Rural cooperative utilities were created under Franklin D. Roosevelt in 1935 as a utility structure benefiting from large-scale investments by the federal government in large hydroelectric facilities. These large infrastructure projects were designed to create jobs. Yet they also could provide low-cost electricity to regions, primarily in the West, that the private sector had not served due to the challenging economics of serving sparsely populated rural America.

Ironically, this push toward large centralized renewable energy facilities helped kill what had been a cottage industry of small wind turbines in places such as West Texas for self-reliant farmers. Still, the benefits outweighed the negatives. These small, locally controlled utilities were, for the most part, still dependent upon the ebbs and flows of hydroelectricity. While independent in governance, their options for energy innovation were limited.

That all started to change within the last decade. As the cost of more distributed energy resources (DER) such as solar photovoltaics (PV) and then batteries began to fall, many rural cooperatives began to rethink their approach. To hedge their bets and become more resilient in the light of power outages from extreme weather, wildfires and aging utility infrastructure, some rural coops ventured out to seek a more sustainable and resilient path forward.

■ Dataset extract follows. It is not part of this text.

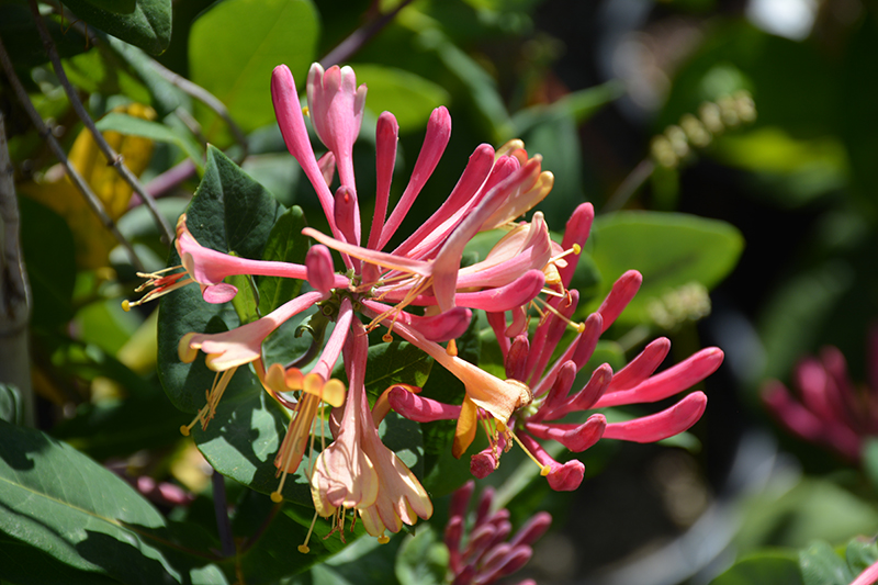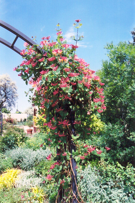 Hardiness Zone: 5 Other Names: Everblooming Honeysuckle Description: A very popular vine valued for its exceptionally colorful pinkish-red tubular flowers which are produced over a very long period; very easy to grow and not excessively aggressive, a great choice for arbors and trellises Ornamental Features Goldflame Honeysuckle features showy clusters of fragrant shell pink trumpet-shaped flowers with yellow overtones and pink edges at the ends of the branches from early to mid spring, which emerge from distinctive cherry red flower buds. It has bluish-green deciduous foliage which emerges burgundy in spring. The oval leaves do not develop any appreciable fall color. However, the fruit can be messy in the landscape and may require occasional clean-up. Landscape Attributes Goldflame Honeysuckle is a multi-stemmed deciduous woody vine with a twining and trailing habit of growth. Its average texture blends into the landscape, but can be balanced by one or two finer or coarser trees or shrubs for an effective composition. This woody vine will require occasional maintenance and upkeep, and is best pruned in late winter once the threat of extreme cold has passed. It is a good choice for attracting butterflies and hummingbirds to your yard. It has no significant negative characteristics. Goldflame Honeysuckle is recommended for the following landscape applications; Planting & Growing Goldflame Honeysuckle will grow to be about 20 feet tall at maturity, with a spread of 24 inches. As a climbing vine, it tends to be leggy near the base and should be underplanted with low-growing facer plants. It should be planted near a fence, trellis or other landscape structure where it can be trained to grow upwards on it, or allowed to trail off a retaining wall or slope. It grows at a fast rate, and under ideal conditions can be expected to live for approximately 20 years. This woody vine should only be grown in full sunlight. It does best in average to evenly moist conditions, but will not tolerate standing water. It is not particular as to soil type or pH. It is somewhat tolerant of urban pollution. Consider applying a thick mulch around the root zone in winter to protect it in exposed locations or colder microclimates. This particular variety is an interspecific hybrid.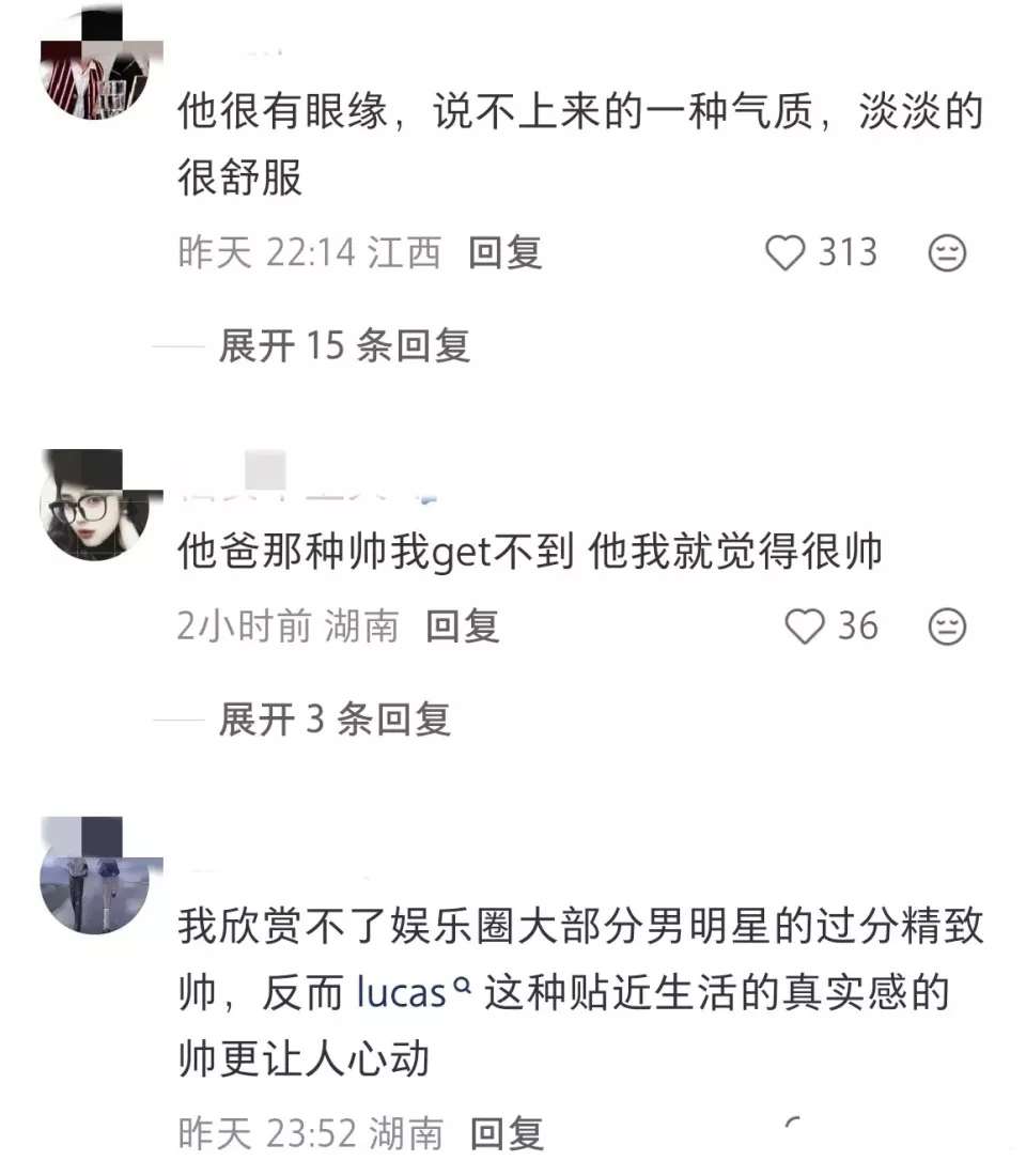 也有网友表示,谢振轩是那种很有气质、很有眼缘的帅气,和谢霆锋给人的感觉不一样。因为谢霆锋的帅不是所有人都能get,谢振轩的帅却更接地气,大众都能认可。

Among those utilities was the Poudre Valley Rural Electric Association (PVREA), which serves Red Feather Lakes, an isolated community in a rugged area of the Rocky Mountains northwest of Fort Collins, Colorado. The area is subject to short-duration outages since it is served by a single and extremely vulnerable single distribution power line. Wildfires and major snowstorms can bring extended outages to the area. Just recently, two of the largest wildfires in Colorado history threatened local water supplies in the Fort Collins area.

Encorp Egility control platform graphical user interface screen

In 2018, a community group in Red Feather Lakes won a grant from a family foundation to install a solar photovoltaic (PV) system at the community library, a building that also serves as the Red Feather Lakes multi-purpose community center.  The group of co-op members behind the solar initiative invited Poudre Valley Rural Electric Administration (PVREA) staff to discuss ways the community might work with the co-op to maximize the value of the solar installation. The answer? Create a microgrid, a system that could keep the power flowing when the distribution line that snakes its way for 60 miles through treacherous mountain terrain goes down. 

A variety of scenarios for the microgrid were proposed and evaluated. A request for information (RFI) was issued and within a few months the cooperative selected a controller from Encorp, a company headquartered in nearby Fort Collins which had deployed numerous microgrids around the world in diverse locations such as Sweden, India and many military bases and commercial industrial facilities in Hawaii and throughout the U.S.

The opportunity to join a federal Rural Energy Storage Deployment Program offered by the National Rural Electric Cooperative Association (NRECA) in 2020 allowed the project to move forward.  The funding made acquiring the battery feasible. It also provided access to technical services from Sandia National Laboratories, a pioneer on new microgrid concepts, which collected data and ran models to identify the optimal battery size and the proper integration of resources within the microgrid. 

NRECA, which has been exploring how rural coops can upgrade their networks and resiliency with new battery storage devices and microgrids, helped develop the solicitation parameters.  Poudre Valley REA eventually purchased a Tesla battery energy system through Namaste Solar, another local Colorado company. Namaste Solar was contracted to deliver and install the battery system. 

That’s the beauty of local rural cooperatives. They can deliver low-cost clean electricity and maximize jobs locally. Fort Collins happens to be one of the hot spots for microgrid controls innovation in the U.S. Encorp is among four companies based here that have been pioneers in this growing market. The U.S. leads the world in grid-connected microgrids such as this one. 

This microgrid is designed to provide up to 12 hours of resiliency during a grid outage. This should provide ample coverage during a “standard” outage in Red Feather Lakes of one to two hours from a downed tree or a vehicle taking out a co-op utility pole. Our controller allows for the maximizing of renewable energy content when the grid goes down but can also rely upon a propane back-up generator in the case of a long, extended outage. 

Rural cooperatives were created a long time ago. Their evolution mirrors that of the electricity industry, moving from large, centralized power plants and long distribution lines to a more decentralized system. Microgrids have become the poster child for this shift in energy planning and the provision of cleaner electricity to customers. Rural cooperatives, once viewed as laggards with new technology, are proving that they too can adapt and adopt new solutions such as microgrids. In this case, a solution to the challenge of global climate change and a local need for resilience.